Some of the complaints include:
- Re-routing the 88 via Longridge means there's no services to/from the bus stop outside the medical centre on Mobberley Road.
- Infrequent Macclesfield services makes getting to and from hospital appointments difficult.
- 88 bus services no longer offering good connections to London bound trains at Wilmslow.
- An Over ward resident complained about buses being packed at times making it difficult for her to travel on the bus with her weekly shopping.

And there were lots of comments about lower frequency meant they used the bus less - in one case someone said they now have to make journeys by taxi instead of bus and only make around 1/4 of the journeys they made before the cutbacks due to the taxi costing more.

There was actually some praise for the 89 timetable, in that people liked the fact it is more consistent than the old 289 timetable - although perhaps not as much now D&G moved the first Knutsford-Northwich journey to be off-pattern!

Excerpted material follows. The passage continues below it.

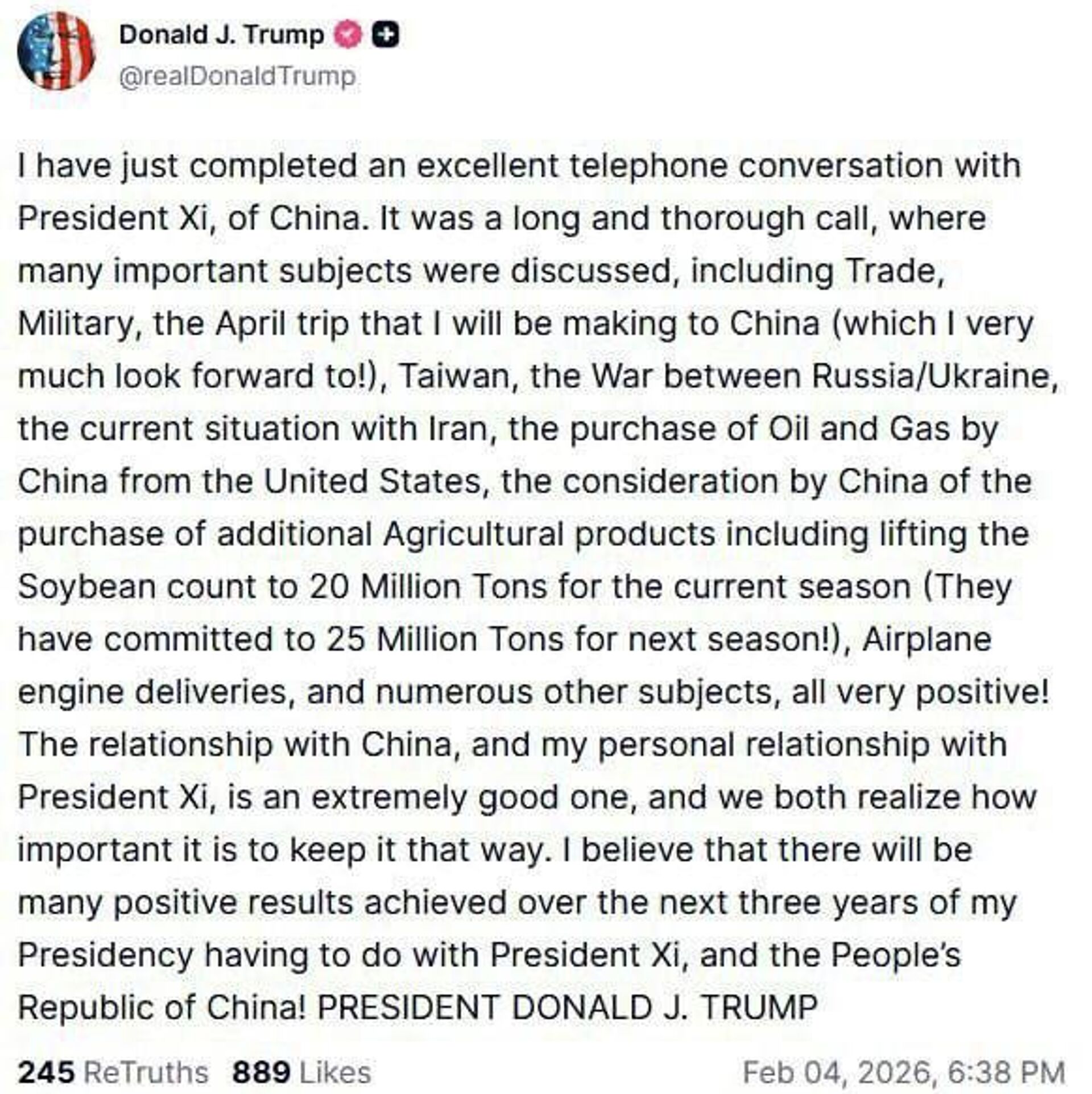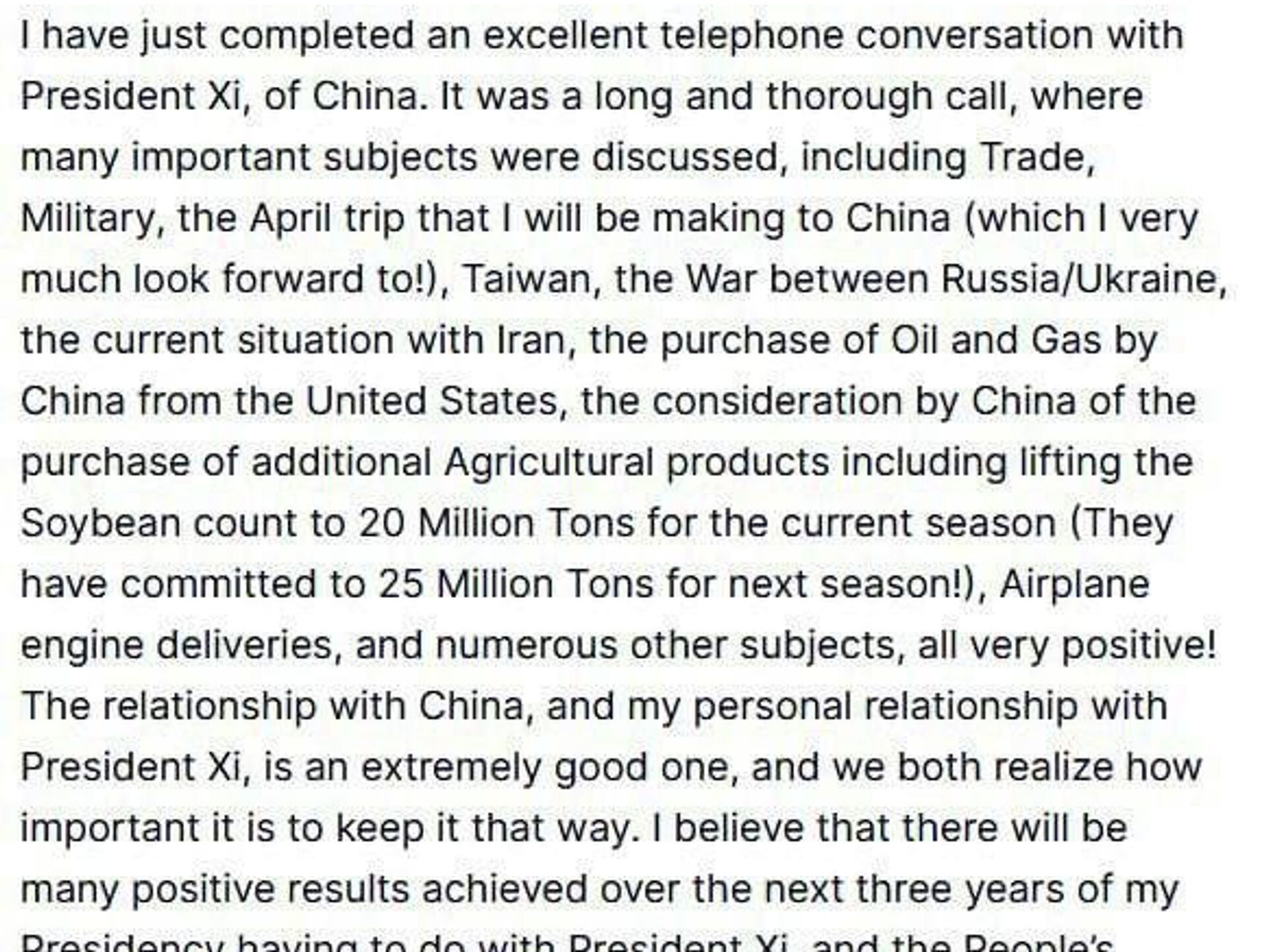 ◻دونالد ترامپ، رئیس جمهور آمریکا در شبکه اجتماعی "تروث سوشال" نوشت: "یک گفتگوی طولانی و مفصل بود که موضوعات مهم بسیاری را پوشش میداد، از جمله تجارت، مسائل دفاعی، سفر ماه آوریل من به چین (که مشتاقانه منتظر آن هستم!)، تایوان، جنگ بین روسیه و اوکراین، وضعیت فعلی با ایران، خرید نفت و گاز چین از ایالات متحده، بررسی چین برای خرید محصولات کشاورزی بیشتر، تامین موتور هواپیما و بسیاری از موضوعات دیگر."

The town council consider the reinstatement of a town circular service to be a necessity.

What is clear is there isn't justification for running a hourly frequency to Wilmslow and a 2 hourly frequency to Macclesfield and that Cheshire East were perhaps right to dismiss the idea of a subsided Holmes Chapel-Knutsford bus. However, if there were hourly Knutsford-Macclesfield buses and they provided good connections with trains to/from Crewe at Chelford, perhaps people wouldn't bemoan the lack of a Holmes Chapel bus so much.

The proportion of people saying they were very satisfied with the bus service was a whole 0%, with less than 10% saying satisfied.